##### TASK MATERIAL #####

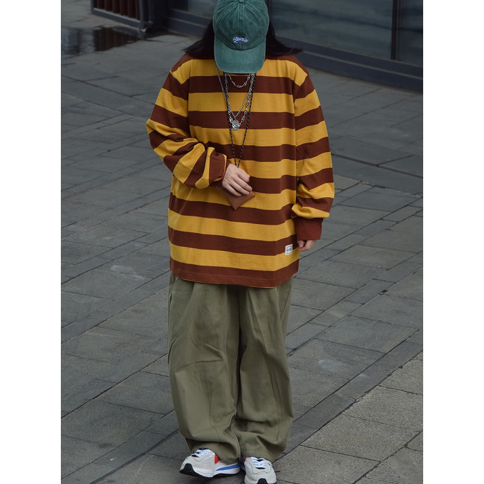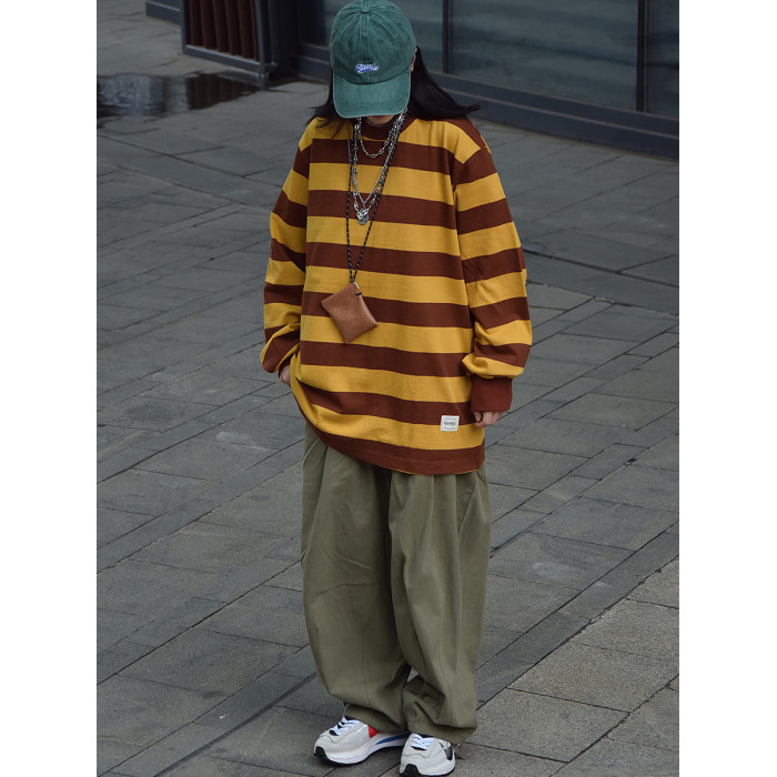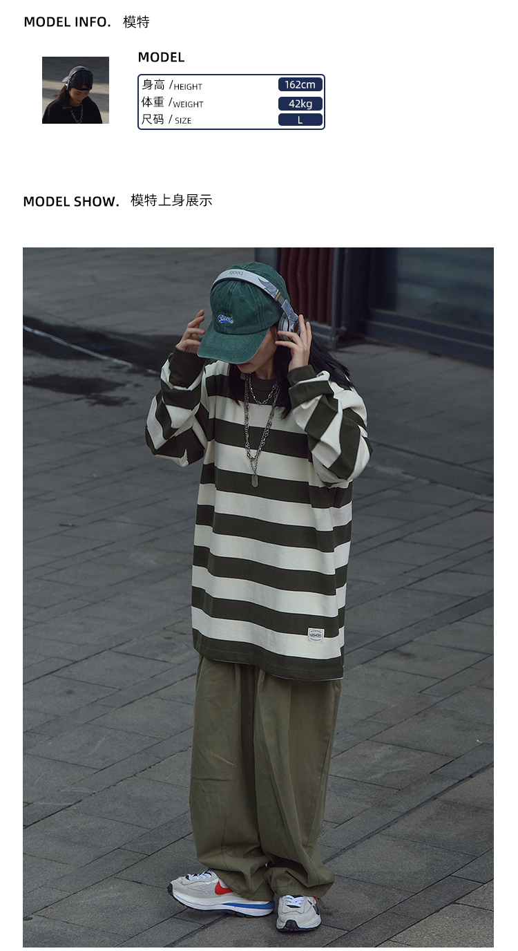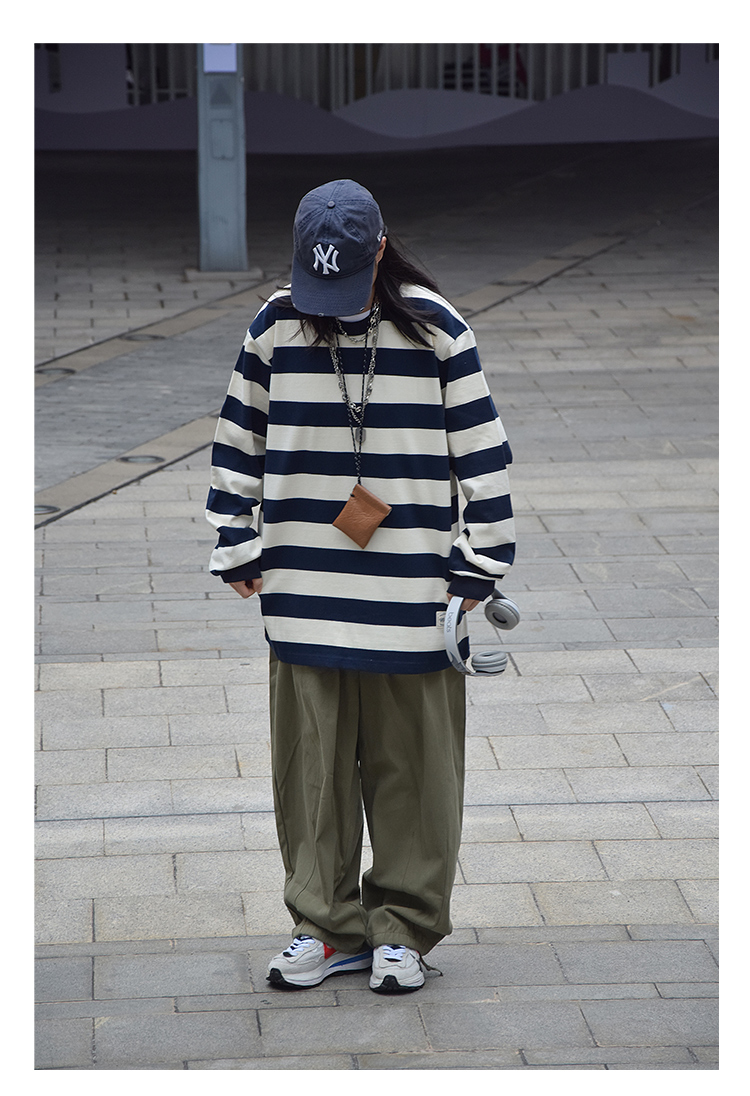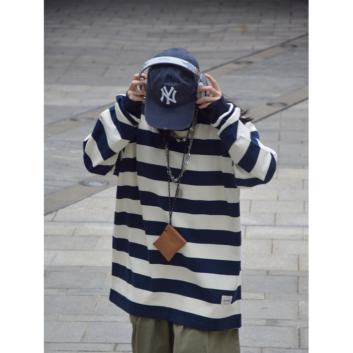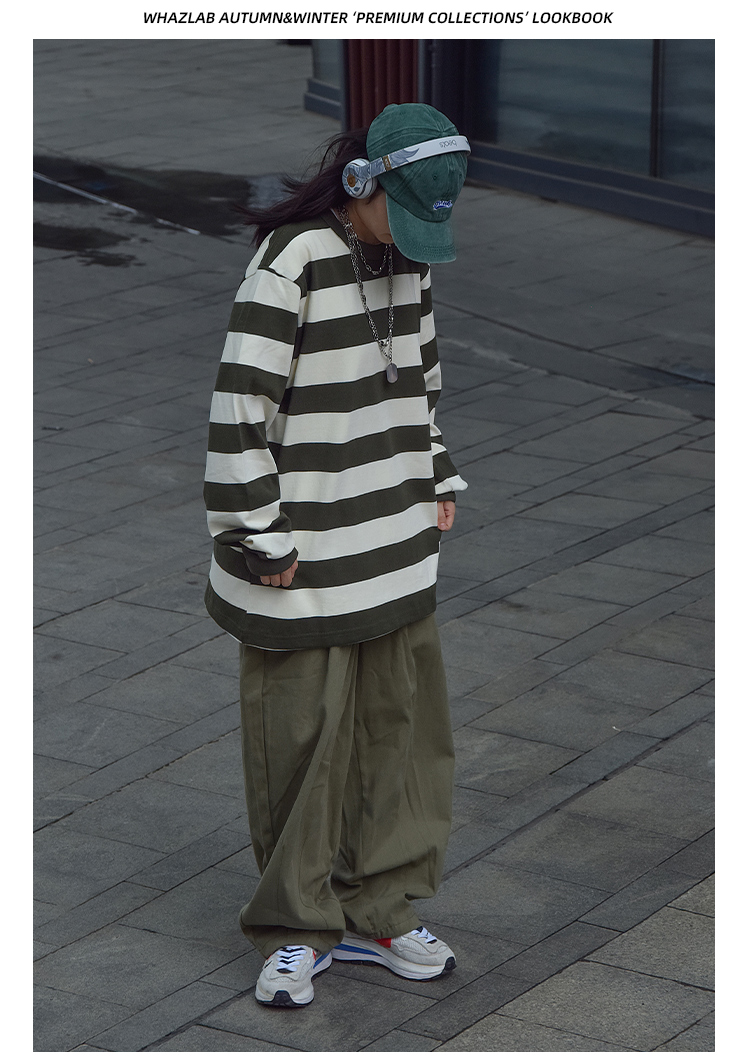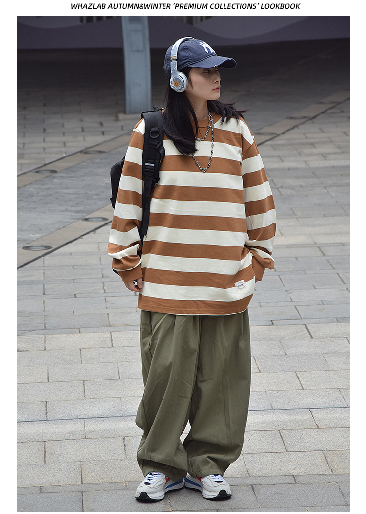 WHAZLAB|日系復古條紋重磅長袖打底衫衛衣寬松cityboy男女情侶潮
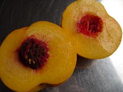 黄金桃の果肉はマンゴーのようなオレンジ色。そして、味もマンゴーにちょっと似てて、ねっとりと甘く果汁も多い。種が深紅で綺麗。高価な果物なので、つまみ食いはほんのちょっとだけ(笑)。出来るだけジャムにして皆さんに食べて頂かねば!という気持ちが大きい。
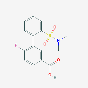 The mechanism of action of 3-(2-N,N-Dimethylsulfamoylphenyl)-4-fluorobenzoic acid involves its interaction with specific molecular targets. The sulfonamide group can form hydrogen bonds with active sites of enzymes, potentially inhibiting their activity. The fluorine atom may enhance the compound’s binding affinity and stability, while the benzoic acid moiety can participate in various biochemical pathways.
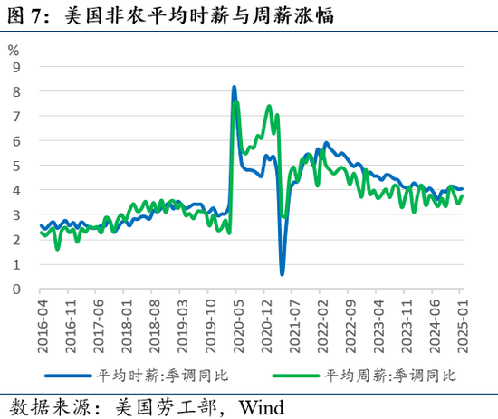 灾害对单月就业形成一定扰动但后续或回暖。单论1月新增非农就业,极寒天气和洛杉矶严重的山火侵扰也对数据形成较大扰动,仅休闲和酒店业就环比减少5.2万人,在灾害过去后有望回升。其他行业方面,关键的制造业增加0.3万人,好于全年12月的减少1.2万人,运输、金融和信息业表现下滑,但零售、教育和保健、其他服务业以及政府新增就业表现良好。
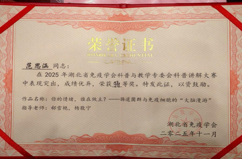 本网讯(通讯员王冬梅、范思涵)2025年11月29日,湖北省免疫学会科普讲解大赛决赛在武汉市亚心总医院圆满收官。来自湖北医药学院第一临床学院2024级麻醉学班的范思涵,凭借作品《你的情绪,谁在做主?——肠道菌群与免疫细胞的“大脑漫游”》斩获大赛特等奖。
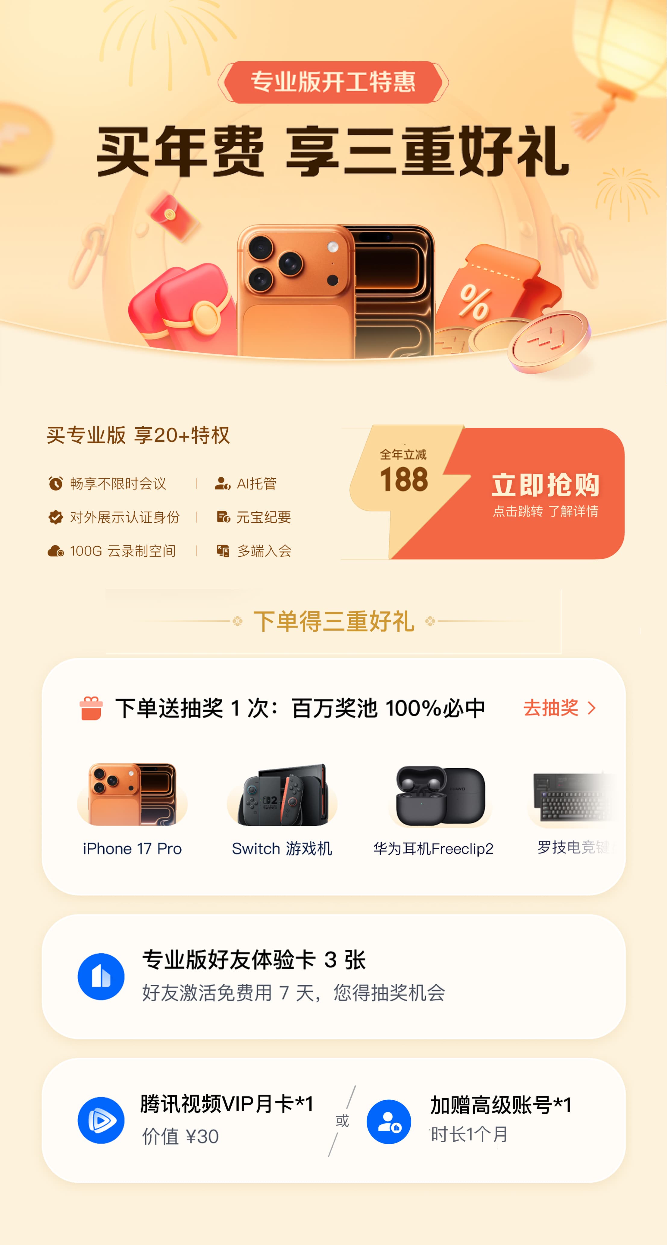 买腾讯会议专业版年费,享三重好礼;新客赠“开工红包”,开通连续包月首月立减30元!现在下单立即参与抽奖,100%必中,iPhone 17 Pro、Switch 2、华为Freeclip耳机、罗技电竞键盘等你拿!
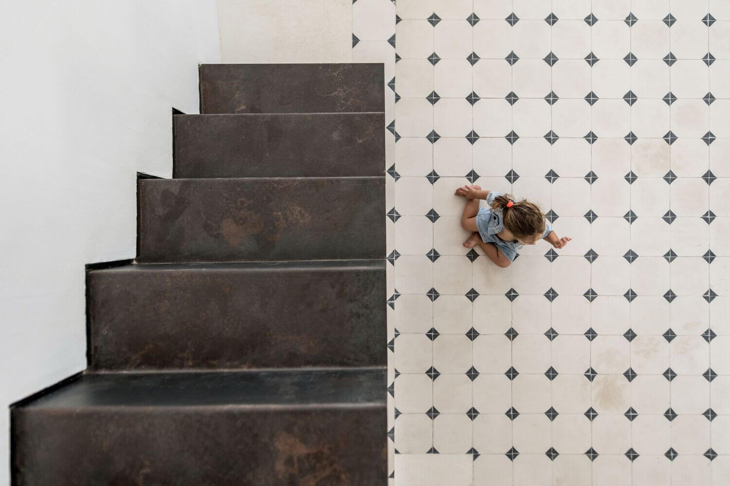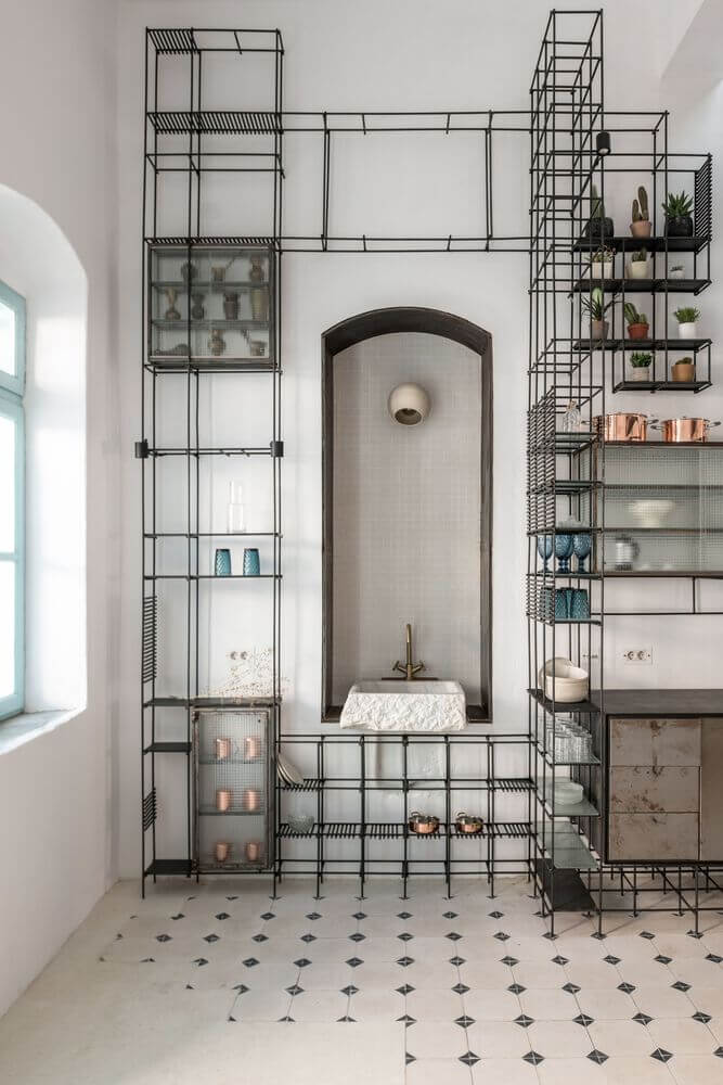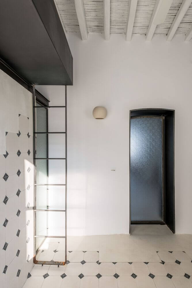 철제 그리드는 이 공간에서 천장높이에 걸쳐 있어 건물의 무거운 이미지와 달리 새롭고 가벼운 외관을 연출합니다. 그리드뿐만 아니라 일부 벽과 바닥에도 타일 패턴을 적용하여 3차원 구조를 강조합니다.

#####

▶ _WHAT THE TASK REQUIRES_: Pictures are not part of the copy; reproduce exactly and only the lines from the line containing "灾害对单月就业形成一定扰动但" through the end of the listing.

▶ _TASK SOLUTION_:
 灾害对单月就业形成一定扰动但后续或回暖。单论1月新增非农就业,极寒天气和洛杉矶严重的山火侵扰也对数据形成较大扰动,仅休闲和酒店业就环比减少5.2万人,在灾害过去后有望回升。其他行业方面,关键的制造业增加0.3万人,好于全年12月的减少1.2万人,运输、金融和信息业表现下滑,但零售、教育和保健、其他服务业以及政府新增就业表现良好。
 本网讯(通讯员王冬梅、范思涵)2025年11月29日,湖北省免疫学会科普讲解大赛决赛在武汉市亚心总医院圆满收官。来自湖北医药学院第一临床学院2024级麻醉学班的范思涵,凭借作品《你的情绪,谁在做主?——肠道菌群与免疫细胞的“大脑漫游”》斩获大赛特等奖。
 买腾讯会议专业版年费,享三重好礼;新客赠“开工红包”,开通连续包月首月立减30元!现在下单立即参与抽奖,100%必中,iPhone 17 Pro、Switch 2、华为Freeclip耳机、罗技电竞键盘等你拿!
 철제 그리드는 이 공간에서 천장높이에 걸쳐 있어 건물의 무거운 이미지와 달리 새롭고 가벼운 외관을 연출합니다. 그리드뿐만 아니라 일부 벽과 바닥에도 타일 패턴을 적용하여 3차원 구조를 강조합니다.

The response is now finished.